Bump version to milestone version 0.3.30.

JamePeng · JamePeng · commit 41959f5bc3fd · 2026-03-02T20:22:07.000+08:00
diff --git a/CHANGELOG.md b/CHANGELOG.md
@@ -7,6 +7,133 @@ and this project adheres to [Semantic Versioning](https://semver.org/spec/v2.0.0
 
 ## [Unreleased]
 
+## [0.3.30] Milestone Release
+
+I will update the release notes for version 0.3.30 in the [discussion](https://github.com/JamePeng/llama-cpp-python/discussions).
+
+- refactor(mtmd): redesign multimodal pipeline for concurrent I/O and hybrid state management
+This commit fundamentally restructures the `MTMDChatHandler` pipeline, decoupling the prefill and evaluation stages to resolve previous I/O bottlenecks and state-sync issues.
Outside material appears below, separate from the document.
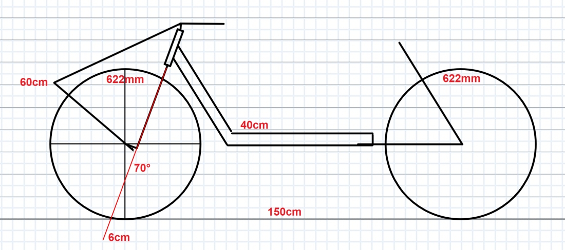 Otin mallia foorumin sporttisemmista MBB-pyöristä. Mittasin kaikki osat, joita aikoisin käyttää, ja piirsin niiden pohjalta. Eturunko yksinkertaisesti pystärin keulasta, johon kiinni pystärin ketjuputket ja satulaputki. Satulaputki kiinni stemmiin vaikka klemmarilla. Päärunko jotain palkkia. Mikä olisi riittävän jäykkää, jottei pyörä ole lötkö, mutta mieluusti silti suht kevyttä? 50501,5? Pyöreä 501,5? Olisiko 4060*1,5 parempi, jos sellaista löytää? Entä löytääkö ovaalipalkkeja mistään? Googlailemalla heikosti mitään pieniä määriä. Pitää soitella metallikauppaan. Takana taas pystypyörän takakolmio ilman satulaputkea. Mitenkäs tuo ohjauskulma ja jättö? Ohjauskulmaa voisi helposti loiventaa, mutta silloin jättö kasvaa, ja offsetin muuttaminen olisi taas oma projektinsa.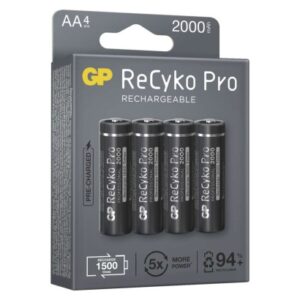 Nabíjacia batéria GP ReCyko Pro Professional (AA) 4 ks chemické zloženie: NiMH|hmotnosť: 30 g|kapacita: 2 000 mAh|kategória/rada: ReCyko Pro|max. skladovateľnosť: neuvádza sa|možnosť nabíjania: áno|napätie: 1,2 V|počet nabíjacích cyklov: viac ako 1 500|predajný obal: 4 ks, papierová krabička|prevádzková teplota: -20 °C až +50 °C|rozmer: 14,5 × 50,5 mm|typové označenie: HR6 (tužka, AA)|veľkosť batérie: AA|značka: GP Mena […] zobraziť celý popis

The new architecture fully supports hybrid/recurrent multimodal models (e.g., Qwen3.5s, LFM2-VL) with robust context management.
+
+    Key structural advantages and changes:
+    - Concurrent Media Decoding: Implemented `ThreadPoolExecutor` in `_process_mtmd_prompt` with pre-allocated arrays, allowing thread-safe parallel image/audio decoding while strictly preserving the chronological order of user inputs, and can be used in the future to process large numbers of video frames.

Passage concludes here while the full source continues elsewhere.